Contributor
Posts: 22

# Calculating the Mean of the Top Quintile of an Array in a User-Defined Function

I've set up the below code to demonstrate the challenge that I'm having. I would like to have a user-defined function that will return the average value of the top quintile of values passed in. The number of passed in values should be allowed to vary (so, passing in an array) and the array shouldn't have to be sorted prior to passing it in. Unfortunately, I can't seem to sort the array within the user-defined function. I've tried CALL SORTN and it doesn't seem to sort the values at all, but with no error message. When I try to sort the array in place within proc fcmp, I get an error that I can't assign values to the array, that they are read-only. When I try to copy the values into a new array, the function seems to require that I know the number of values in the array at compile time. Any assistance would be greatly appreciated. Also, if it is possible to do what I'm trying to do using built-in functions within SAS, that would be ideal.

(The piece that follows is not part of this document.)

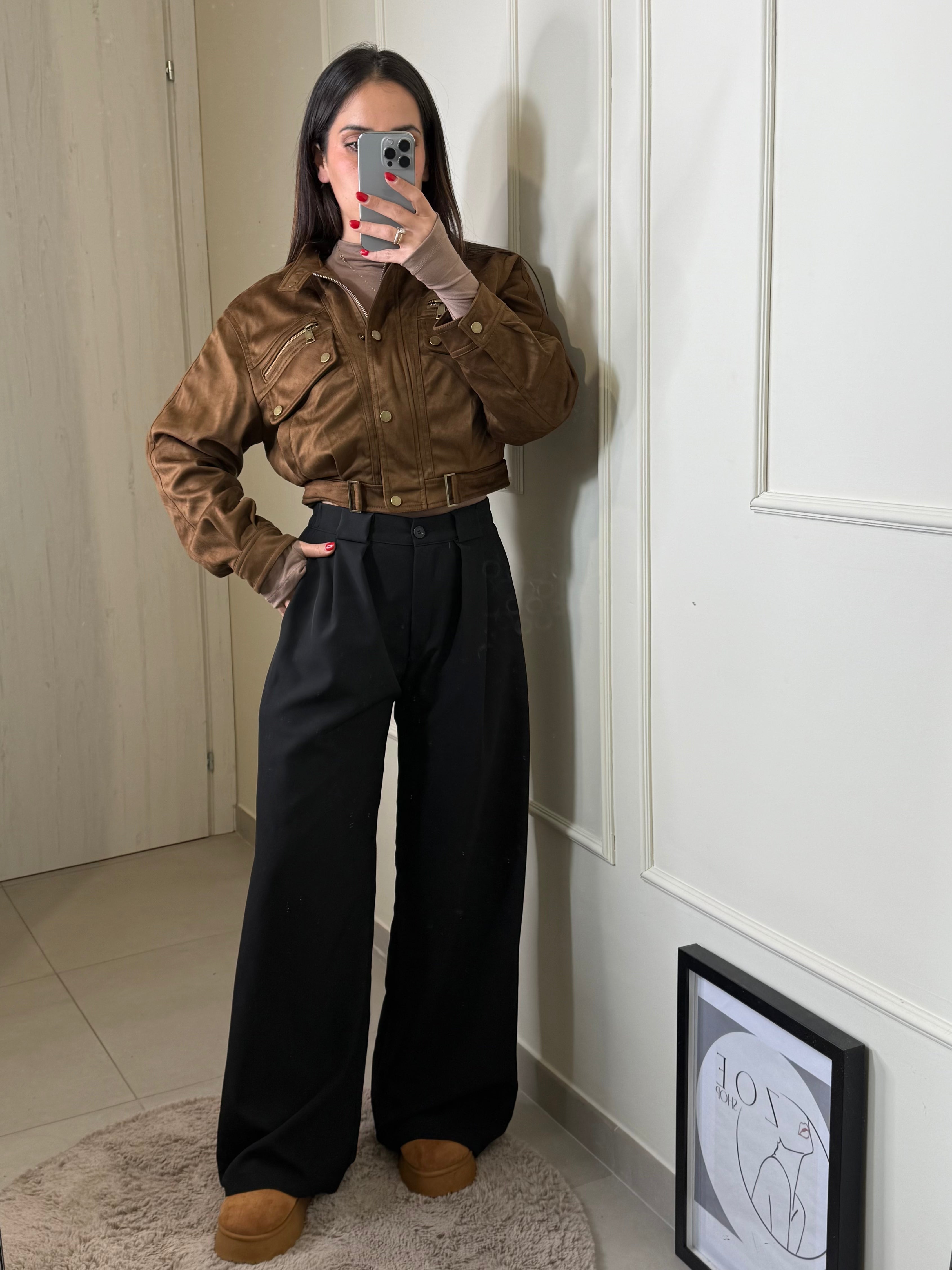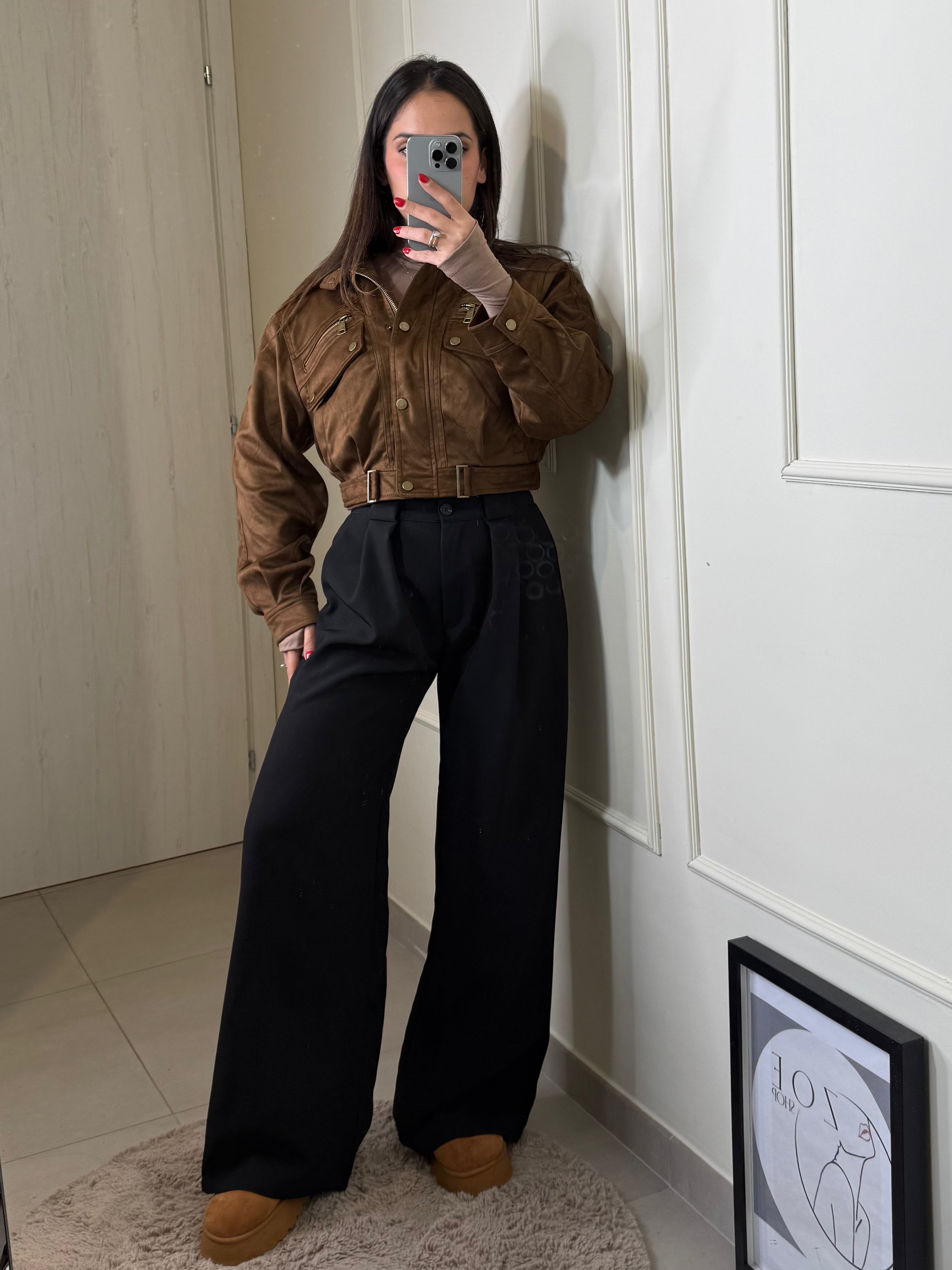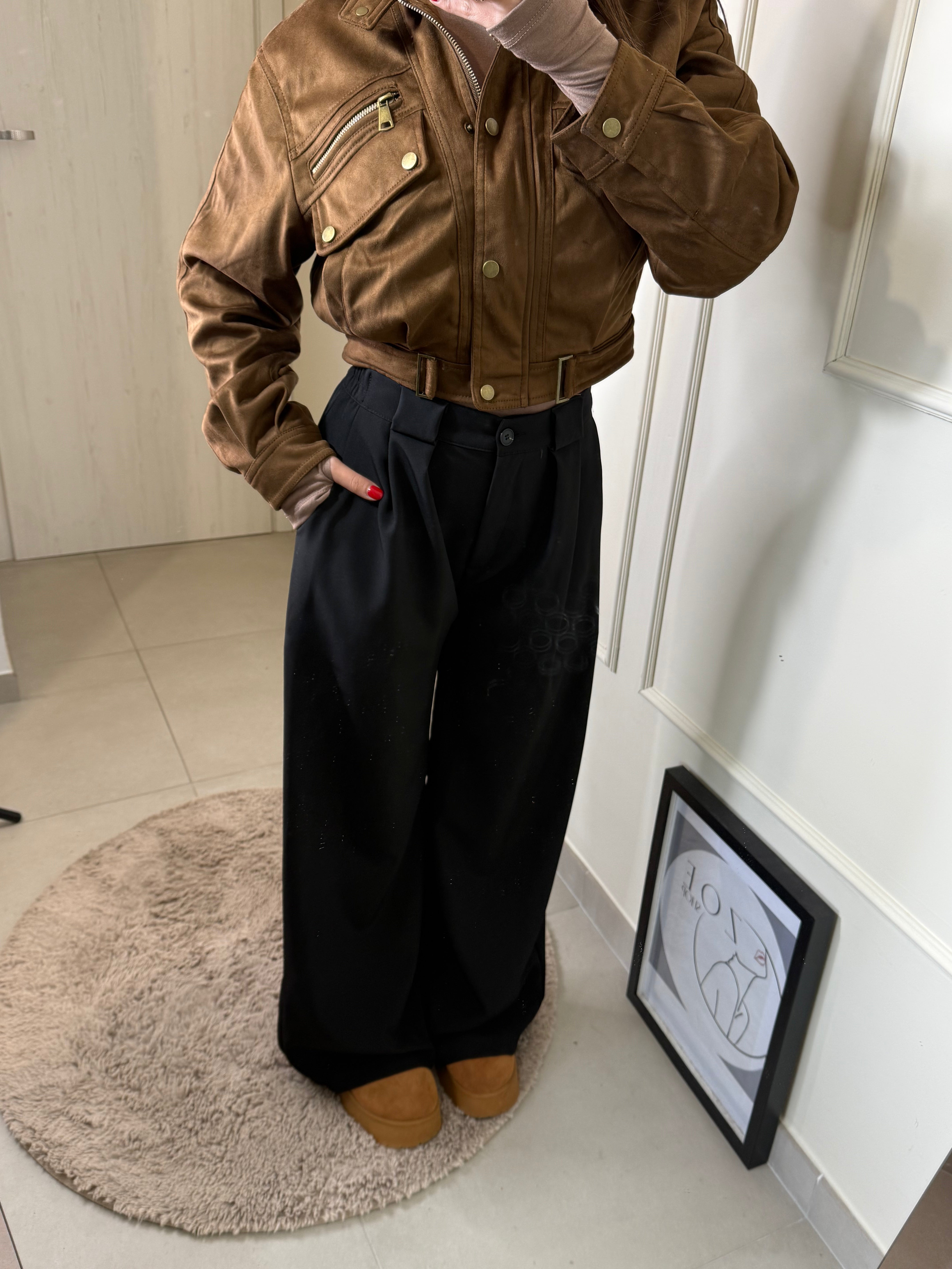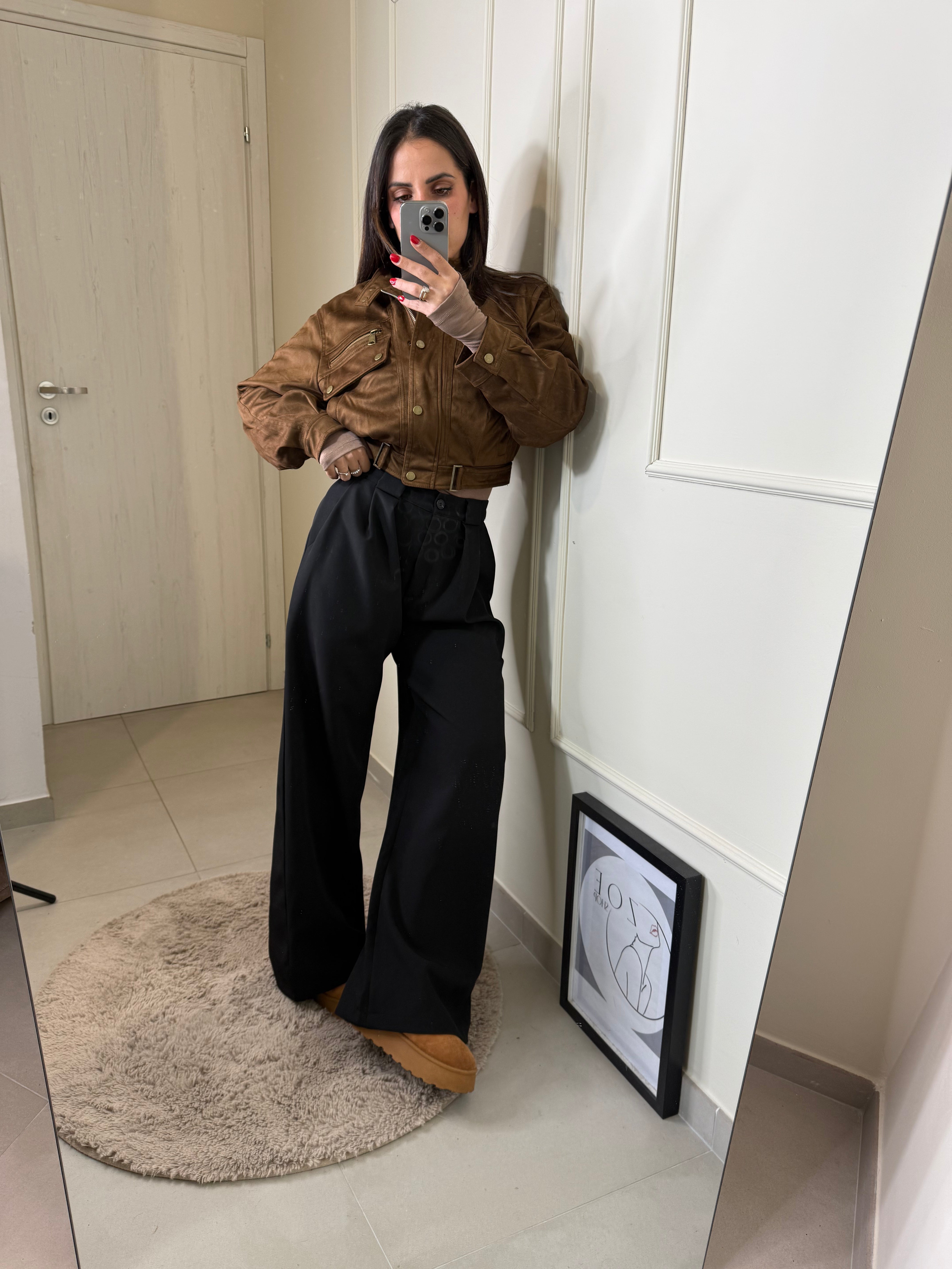 Pantalone palazzo nero dal design raffinato . Perfetto per accompagnarti con stile in ogni momento della giornata ,linea ampia e fluida , scivola morbido sulla figura , regalando comfort e movimento ad ogni passo. Chiusura con zip e bottone , elastico sul retro e passanti per la cinta . Un capo estremamente versatile , ideale per l'ufficio abbinato a camicia e blazer ma altrettanto perfetto per look quotidiano o serali. Taglia unica veste da XS a L

PROC FCMP OUTLIB=SASUSER.FUNCS.TRIAL;

FUNCTION TOP_QUINTILE_MEAN(VALU

• ) VARARGS;
•    TQA = 0;

SUM=0;

C = 0;

COUNT = HBOUND(VALU);

CUTOFF = INT(COUNT/5);

IF CUTOFF < 1 THEN

DO;

CUTOFF = 1;

END;

/* SORT THE ARRAY */

/*   DO UNTIL (SORTED);*/

/*    SORTED=1;*/

/*     DO I = 1 TO COUNT - 1;*/

/*       IF VALU{I} < VALU {I+1} THEN*/

/*         DO;*/

/*            TEMP = VALU{I+1};*/

/*            VALU{I+1} = VALU{I};*/

/*            VALU{I} = TEMP;*/

/*          SORTED = 0;*/

/*            END;*/

/*     END;*/

/*   END;*/

DO J = CUTOFF TO 1 BY -1;

C=C+1;

SUM = SUM + VALU{J};

END;

TQA = SUM/C;

RETURN(TQA);

ENDSUB;

RUN;

OPTIONS CMPLIB = SASUSER.FUNCS;

data one;

input temp1 temp2 temp3 temp4 temp5 temp6 temp7 temp8 temp9 temp10;

datalines;

10 20 30 40 50 60 70 80 90 100

100 90 80 70 60 50 40 30 20 10

;

run;

data two;

set one;

array vals{10} _temporary_ ;

array temps{10} temp1 temp2 temp3 temp4 temp5 temp6 temp7 temp8 temp9 temp10;

do J = 1 to dim(vals);

vals(J) = temps(J);

end;

drop J;

DO UNTIL (SORTED);

SORTED=1;

DO I = 1 TO 9;

IF VALS{I} < VALS {I+1} THEN

DO;

TEMP = VALS{I+1};

VALS{I+1} = VALS{I};

VALS{I} = TEMP;

SORTED = 0;

END;

END;

END;

DROP I SORTED temp;

ans = top_quintile_mean(vals);

run;

Super User
Posts: 13,498

## Re: Calculating the Mean of the Top Quintile of an Array in a User-Defined Function

Might try using the PCTL function to find the appropriate starting value and select the values from the array larger than that value. Or possibly the LARGEST function.

Contributor
Posts: 22

## Re: Calculating the Mean of the Top Quintile of an Array in a User-Defined Function

I had the same thought, but the largest function with an array as an argument seems to work only outside of PROC FCMP for some reason.

SAS Super FREQ
Posts: 4,237

## Re: Calculating the Mean of the Top Quintile of an Array in a User-Defined Function

What about computing the P80 value outside of the function and then pass it in as an argument? Then the function just needs to sum and divide by the number of elements greater than the P80 argument.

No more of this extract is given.